Can Bailouts Actually Work?

When the financial world was turned upside down last fall, there was gnashing of teeth aplenty at what seemed to be the Bush Administration’s bailout after bailout of wayward banks.
One side of the aisle complained that the government had no business tampering with free markets and the other complained that why should public money be used to save hubristic and overpaid corporate executives.
As the Bush years faded into the Obama ones, lots of people conveniently forgot upon whose watch this fell. For instance, I interviewed U.S. Rep. Eric Cantor a few weeks ago and he was complaining that “we have to get the government out of the capital markets.” I pointed out that George Bush and Treasury Secretary Henry Paulson, both Republicans like Cantor, were the ones that inserted the feds into finance. He was silent for a full 15 seconds protesting that it was seen as a catastrophe. I guess Eric typically gets a free and unchallenged ride from the Virginia media.
Anyway, on to my point.
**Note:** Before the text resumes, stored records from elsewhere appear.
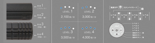 1分・約2,100回〜約4,000回の4つの振動レベルで、コンディションや好みに合わせて使い分けが可能。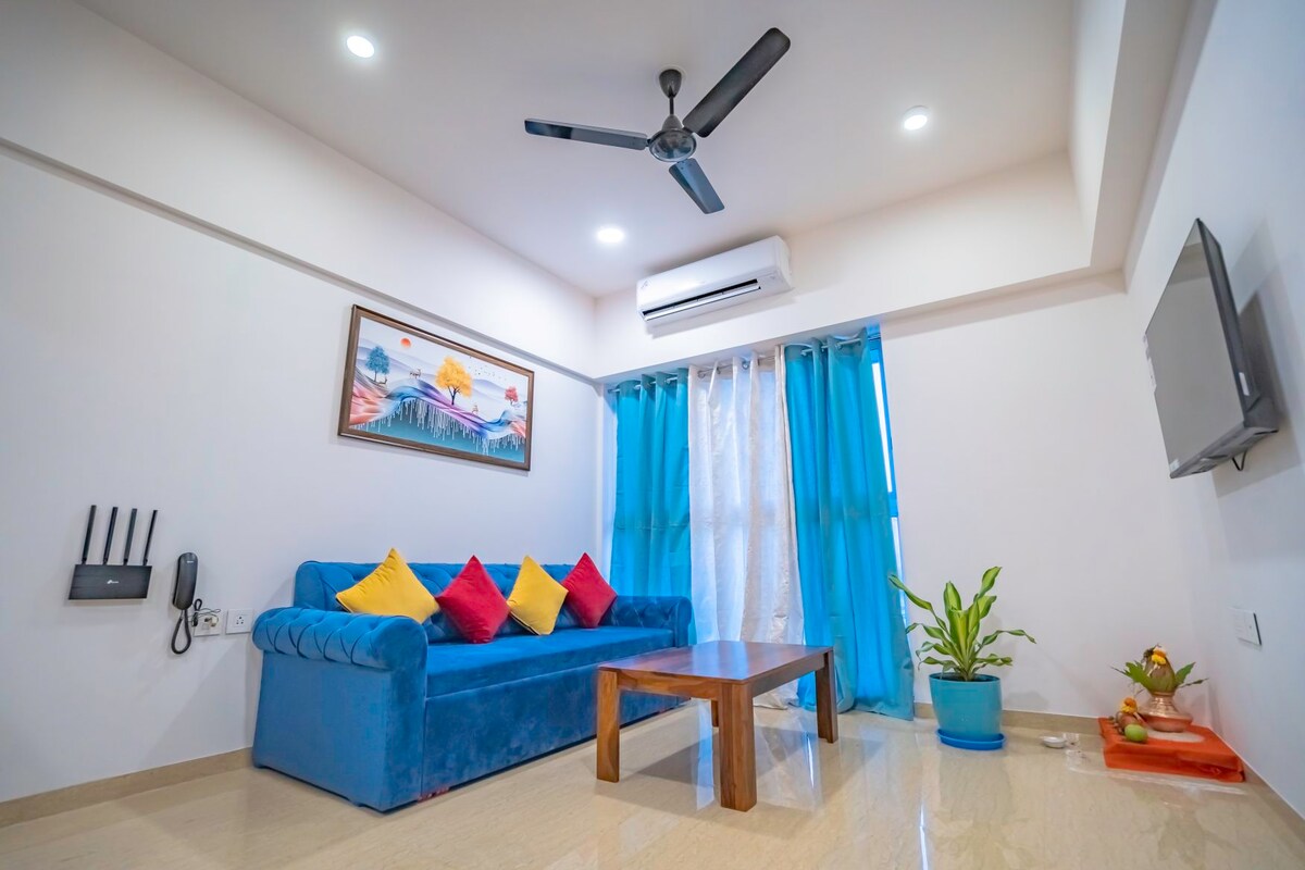 Unwind in this peaceful 1BHK retreat with a cozy balcony overlooking lush green golf views. Enjoy a 65” LED TV, fast WiFi, and calming, artful interiors that blend comfort with soulful design. Whether you're a couple, solo traveler, remote worker, or a small family, this thoughtfully curated space offers everything you need to relax, work, or explore. Located just 30 minutes from Pune, it’s perfect for weekend escapes, mindful stays, and longer peaceful getaways.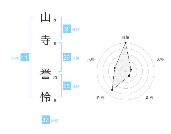 山寺 誉怜さんの総格は37画の5点!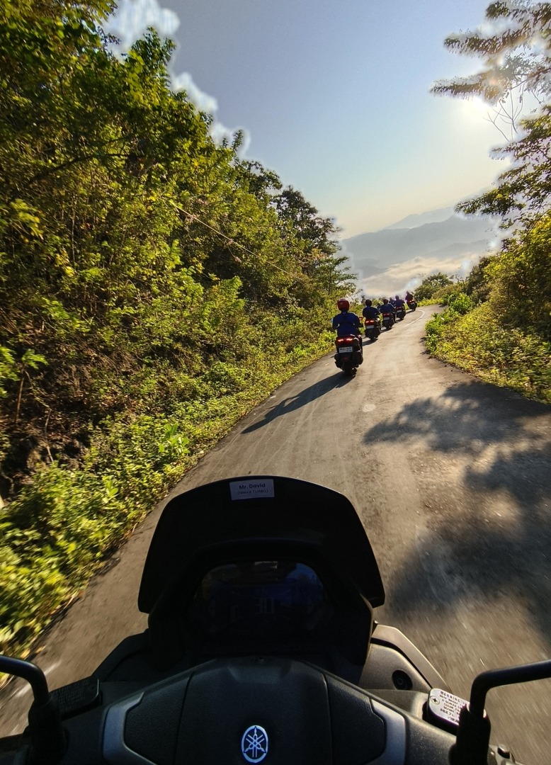 Route dari jalan poros dan dilanjutkan jalan perbukitan tepi jurang, dengan kabut tipis akses ke Bukit Mantar, kian menambah level tantangan para bikers.

The news today is that 10 big bailout banks — J.P. Morgan Chase & Co., Goldman Sachs Group, Morgan Stanley, BB&T, U.S. Bancorp, American Express, Capital One, Bank of New York Mellon, Northern Trust and State Street — all want to start paying back their billions in bailout funds.
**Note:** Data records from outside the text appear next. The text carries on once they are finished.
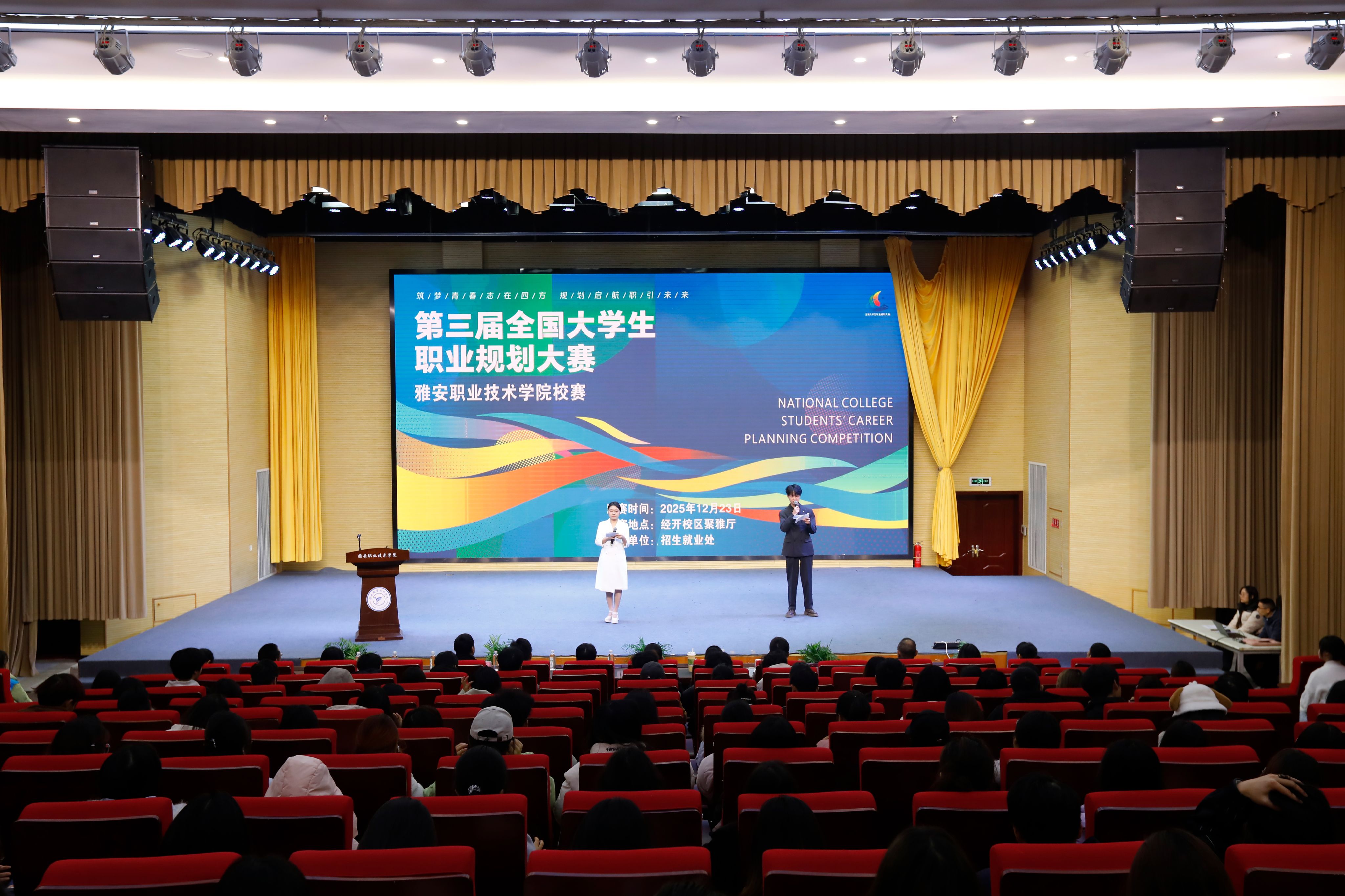12月23日,学校第三届大学生职业规划大赛决赛在经开校区聚雅厅举行。学校党委常委、副校长樊先茂出席活动,招生就业处、团委、产教融合处、各二级学院相关负责人、师生代表及来自行业的评审专家、企业代表共同参加了本次活动。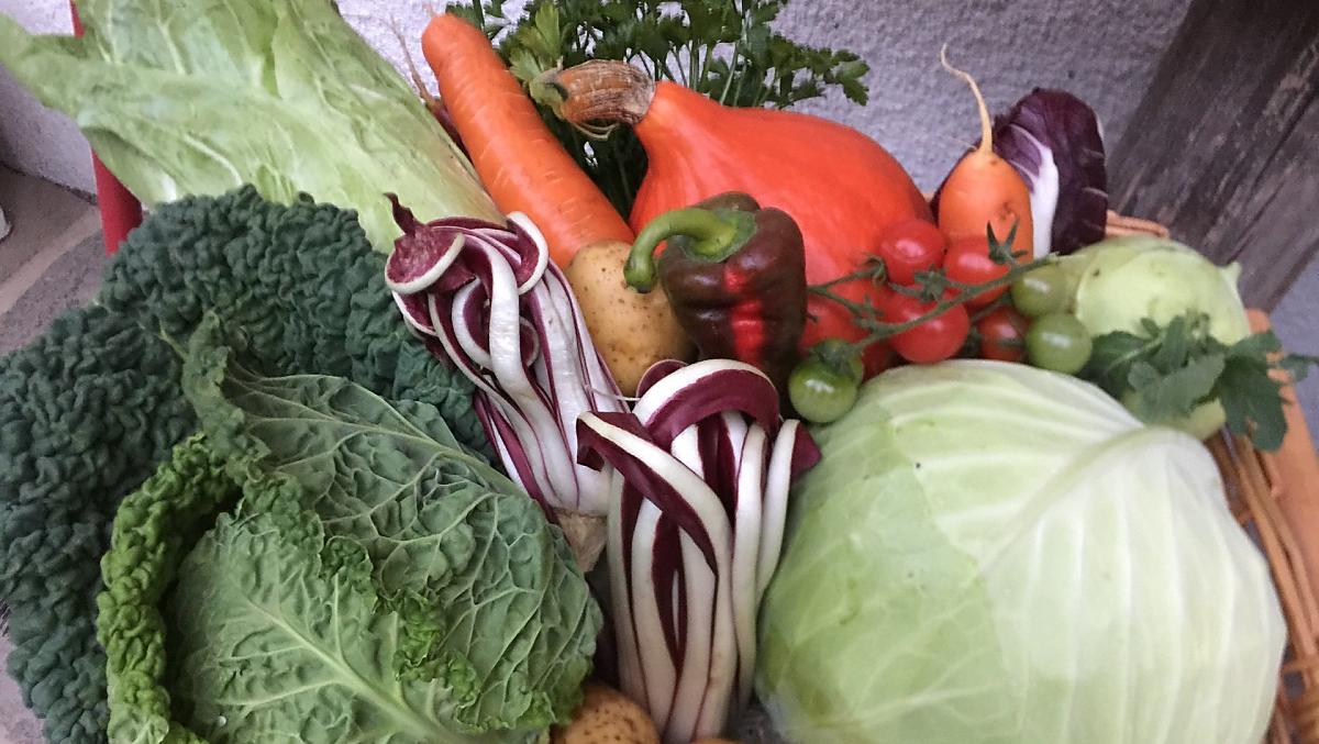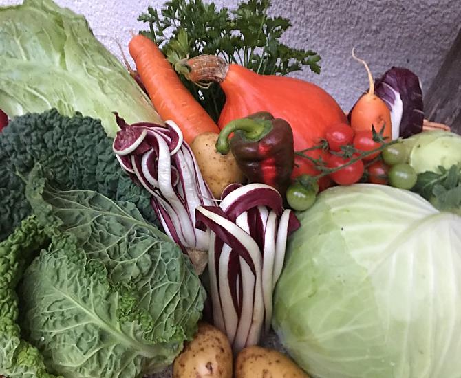 - fresh vegetables in season (beetroot, cabbage, carrots, courgettes, kohlrabi, leek, lettuce, onions, pumpkin, radicchio, radishes, Swiss chard)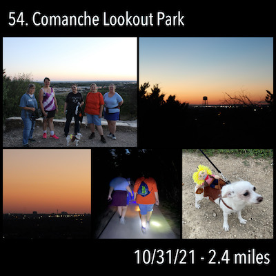 54. Last year, one of the other hike leaders and I hosted a huge haunted hike at this park, complete with costumes, ghost stories, and cold spots on the way down. This year, we had a large initial interest that dropped to only six folks by the night of. Ah well. No costumes, either, except for Buddy the dog! And no ghosts, no cold spots – how disappointing! At least the sunset was beautiful.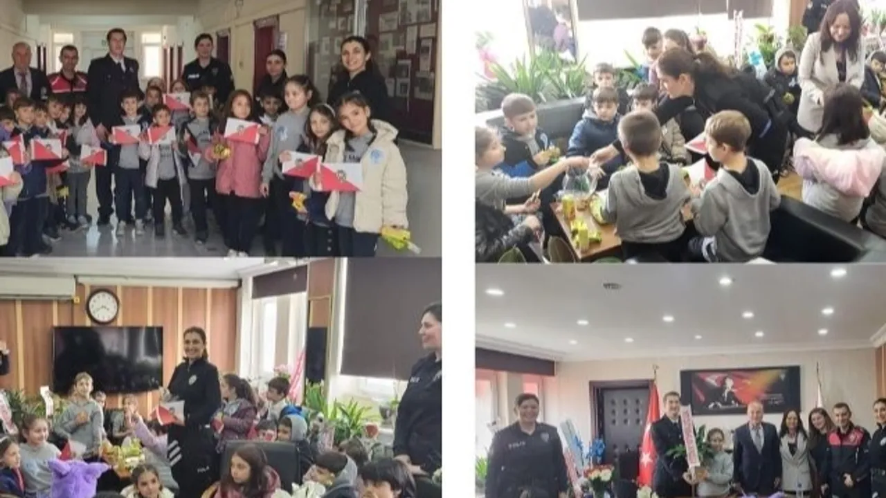 Edirne'de Keşan İlçe Emniyet Müdürlüğü, Türk Polis Teşkilatı’nın 180. yılı kutlamaları kapsamında anlamlı bir ziyarete ev sahipliği yaptı.Alpcan DEMİR / EDİRNE (İGFA) - Edirne'nin Keşan ilçesinde Nevzat Kahraman İlkokulu öğrencileri İlçe Emniyet Müdürlüğü’nü ziyaret ederek, polis haftasını coşku ve sevgiyle kutladı.

Good news, to be sure. It shows that a recovery might actually be in the offing. And it shows that the banks want federal government restrictions brought on by the bailouts, gone.
The news points out another thing. It is fairly common in financial crisis to have a government bail stuff out and it can be only temporary. A couple case points:
  • Chrysler was slammed by shoddy cars and bad decisions in the 1970s. It got federal loan guarantees worth $1.5 billion in 1979. New management saved the day and the firm paid everything back by 1983.
  • Long Term Capital Management, a big hedge fund, went bust in 1998, threatening plenty of investors. It came as much of the rest of the world, Thailand, Taiwan, Singapore, Japan, Russia, and Mexico were going through or had gone through bad times. The Ne York Fed arranged more than $3.6 billion in loans which were paid back by 2000.

There are other example,s but you get the point. It is actually a tried ands trusted practice for the government to come in with bailouts and sometimes it works. If this sounds like I’m saying something positive about George W. Bush it may well be.
I am not addressing, however, the massive bailouts of American International Group, one of those “too big to fail” firms. What has happened is shameless and I wish grand juries and Congressional probes on the perps. And, there is a legitimate question out if these types of bailouts tend to perpetuate a flawed financial system that got us into trouble in the first place.
But I stand by my point -sometimes bailouts are good things and can work.